3. High fault tolerance
The original intention of MapReduce design is to enable the program to be deployed on cheap PC machines, which requires it to have high fault tolerance. For example, if one of the machines hangs, it can transfer the above computing tasks to another node to run, so that the task will not fail. Moreover, this process does not require manual participation, but is completely completed by Hadoop.
4. It is suitable for offline processing of massive data above PB level
It can realize the concurrent work of thousands of server clusters and provide data processing capacity.
shortcoming
1. Not good at real-time calculation
MapReduce cannot return results in milliseconds like MySql.
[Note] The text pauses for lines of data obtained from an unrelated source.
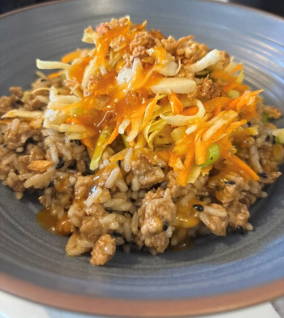 Add cabbage, onion, and carrot then stir to combine with meat. Add soy sauce, sesame oil and sriracha. Cook, stirring frequently, until cabbage is tender, 5 to 8 minutes; season with salt.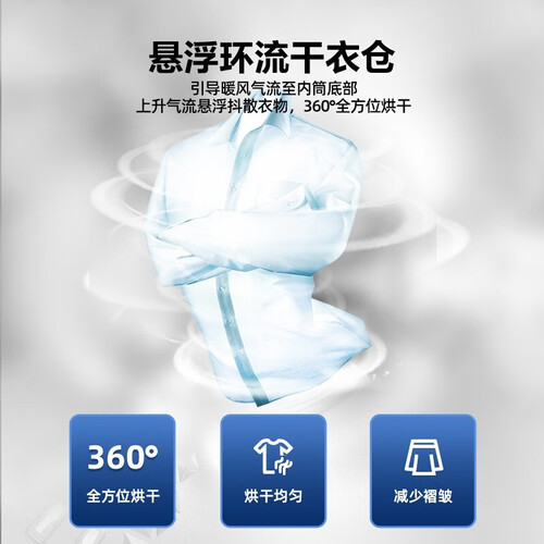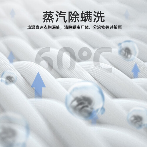 悬浮环流干衣仓,上升气流抖散衣物,全面无死角烘干。蒸汽除螨洗,热温覆盖全部衣物,清洁更彻底,全力保护皮肤健康。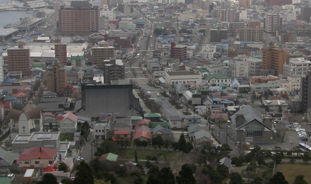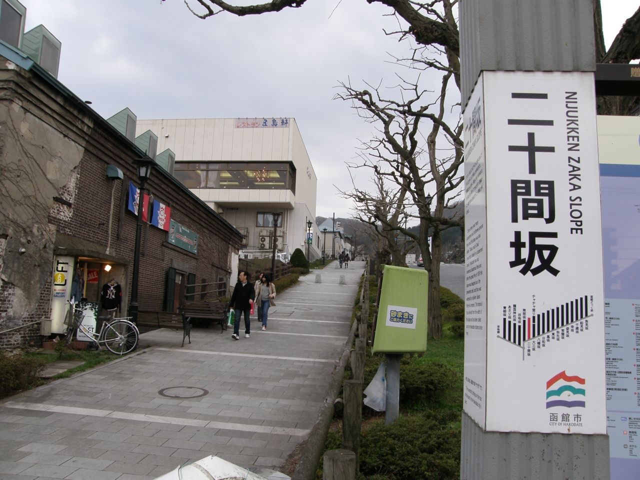 二十間坂は、その名の通り、幅が二十間あることが由来だそうです。昔から火災の多かった函館で、その延焼を防ぐための防火対策として、道を港に真直ぐに引き、そして道幅を大きくしたとか。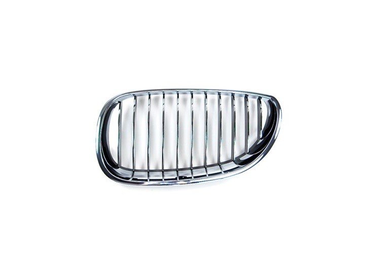 Borda cromada, ripas cromadas e pretas.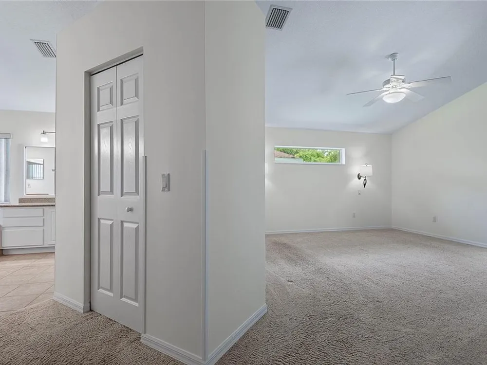 - Cathedral Ceiling(s), Ceiling Fan(s), Crown Molding, Main Level Primary, Solid Surface Counters, Stone Counters, Thermostat, Vaulted Ceiling(s), Walk-In Closet(s), Window Treatments
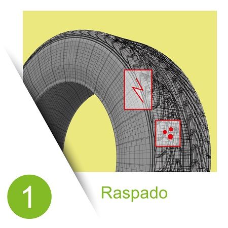 1. Raspado: En esta fase se elimina el caucho antiguo de la superficie de la carcasa, y de esta manera dejar una textura y superficie adecuadas para el correcto agarre de la nueva banda de rodadura.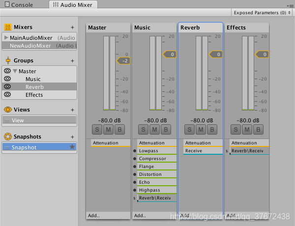 AudioMixer中所有可用的参数都可以改变它们的变化方式. 转换方式是以snapshot来定义的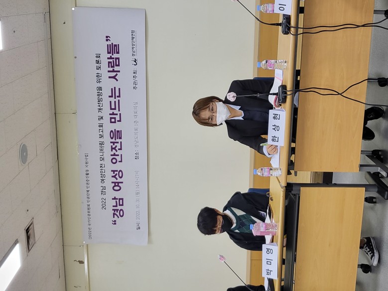 이번 토론회는 경남여성단체연합에서 주관한 행사로, 2022년 진행된 경남여성안전 모니터링 결과 보고와 동시에 앞으로의 개선 방향을 시민과 전문가들이 함께 모색하기 위해 개최되었다.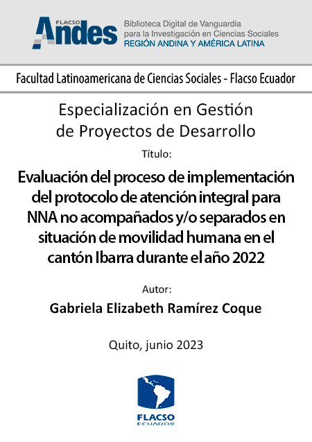 Ramírez Coque, Gabriela Elizabeth. 2023. Evaluación del proceso de implementación del protocolo de atención integral para NNA no acompañados y/o separados en situación de movilidad humana en el cantón Ibarra durante el año 2022. Tesina de especialización, Flacso Ecuador.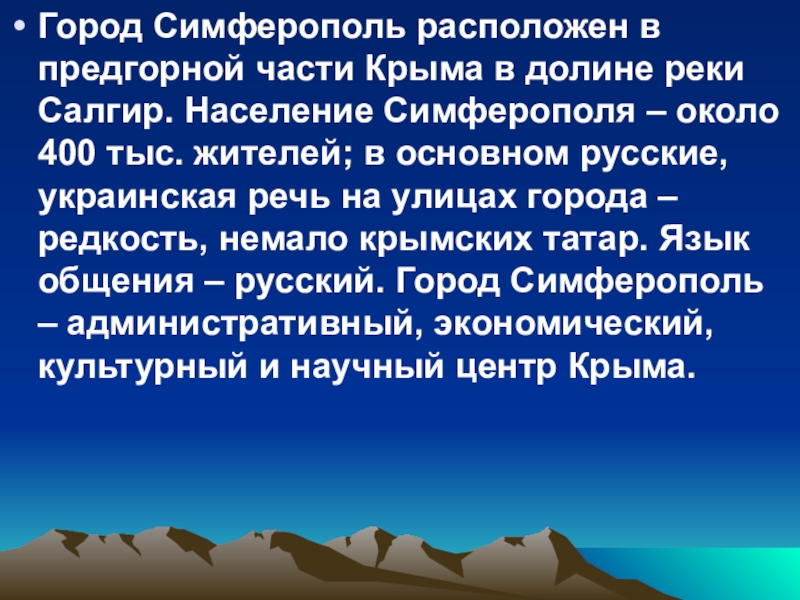 Город Симферополь расположен в предгорной части Крыма в долине реки Салгир. Население Симферополя – около 400 тыс.

2. Not good at flow calculation
The input data of streaming computing is dynamic, while the input data set of MapReduce is static and cannot change dynamically. This is because the design characteristics of MapReduce determine that the data source must be static.
3. Not good at DAG calculation
Multiple applications have dependencies, and the input of the latter application is the output of the previous one. In this case, MapReduce is not impossible, but after use, the output results of each MapReduce job will be written to the disk, resulting in a large number of disk IO and very low performance.
1.3 core idea of MapReduce
- Distributed computing programs often need to be divided into at least two stages.
- The MapTask concurrent instances in the first stage run completely in parallel and irrelevant to each other.
- The ReduceTask concurrent instances in the second stage are irrelevant, but their data depends on the output of all MapTask concurrent instances in the previous stage.
- The MapReduce programming model can only contain one Map phase and one Reduce phase. If the user's business logic is very complex, it can only run multiple MapReduce programs in series.
1.4 MapReduce process
A complete MapReduce program has three types of instance processes during distributed operation:
- MrAppMaster: responsible for process scheduling and state coordination of the whole program.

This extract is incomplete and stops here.